If a lock were installed, it would almost be worthless in a glass door. But, it would deter children and, that's a good thing. But, it offers no protection from thieves.

What do you guys do about security when you keep your pieces in a cabinet? I've been tasked to build this cabinet for my son. He has a couple younguns and, he'd likely want to deter the bad guys, too.


----------



## timmybgood (Jan 11, 2011)

Perhaps plexi or tempered glass would be strong enough. However, in the end, it is a wood cabinet that someone could just knock over, smash, and get guns.

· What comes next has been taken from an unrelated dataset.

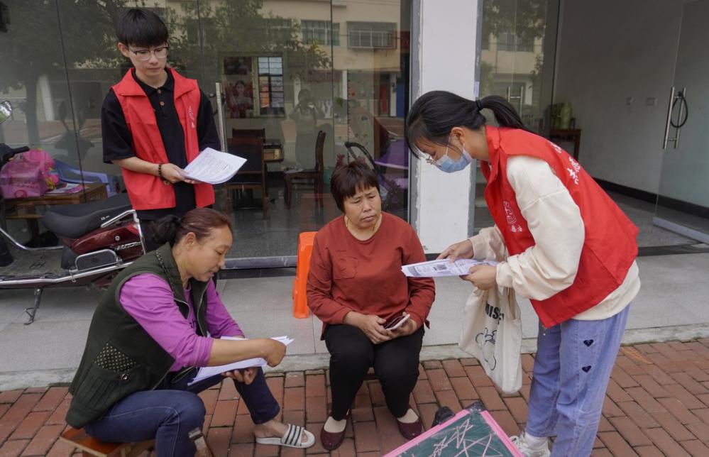 从东巷到西街,8位志愿者穿梭其间,挨家挨户为居民发放宣传单,科普民法知识。“了解到社区有老人独居,法律意识淡薄,我就想给他们普及一下有关诈骗方面的知识。”法学类专业2021(1)班丁子秋耐心地为社区内不识字的老人解读宣传单上的法律知识,并结合图片进行讲解。她提醒老人们要时刻保持警惕,不能轻易泄露个人信息。

Plus, if you use strong glass, how are you gonna smash your elbow through it to grab a weapon in an emergency like in a movie?


----------



## Longknife (Oct 25, 2010)

Not exactly an answer to your question, just to give a little perspective on the issue. In my country the law says I have to keep my guns in an approved safe. The safe also has to be bolted to the floor or the wall. The cost of that safe is often more than for a decent gun :blink:


----------



## TysonWD (Dec 26, 2010)

Just a few thoughts,

I've been around guns for practically my whole life, and own a fair number of guns. In my opinion, a gun cabinet is more for display purposes instead of security. With that in mind, if you want to keep kids from playing with them a simple locking mechanism would suffice. I would also suggest storing ammunition in a place far removed from the cabinet. An adult intent on stealing weapons from a gun cabinet will likely succeed irregardless of the security measures put in place.

If you want a secure, theft-proof, fire-safe way to store guns, then your best option is a heavy steel safe that is bolted to something.


JMO,

Tyson


----------



## RLFX (Feb 2, 2010)

If you live in Canada you have to have trigger locks and you can display them in a glass cabinet ..


----------



## cabinetman (Jul 5, 2007)

timmybgood said:


> Perhaps plexi or tempered glass would be strong enough. However, in the end, it is a wood cabinet that someone could just knock over, smash, and get guns.
> 
> Plus, if you use strong glass, how are you gonna smash your elbow through it to grab a weapon in an emergency like in a movie?


You can only do so much. You could also say...what if someone broke in with a cordless sawzall and just cut up the cabinet. Well, go with an all steel cabinet, like a safe.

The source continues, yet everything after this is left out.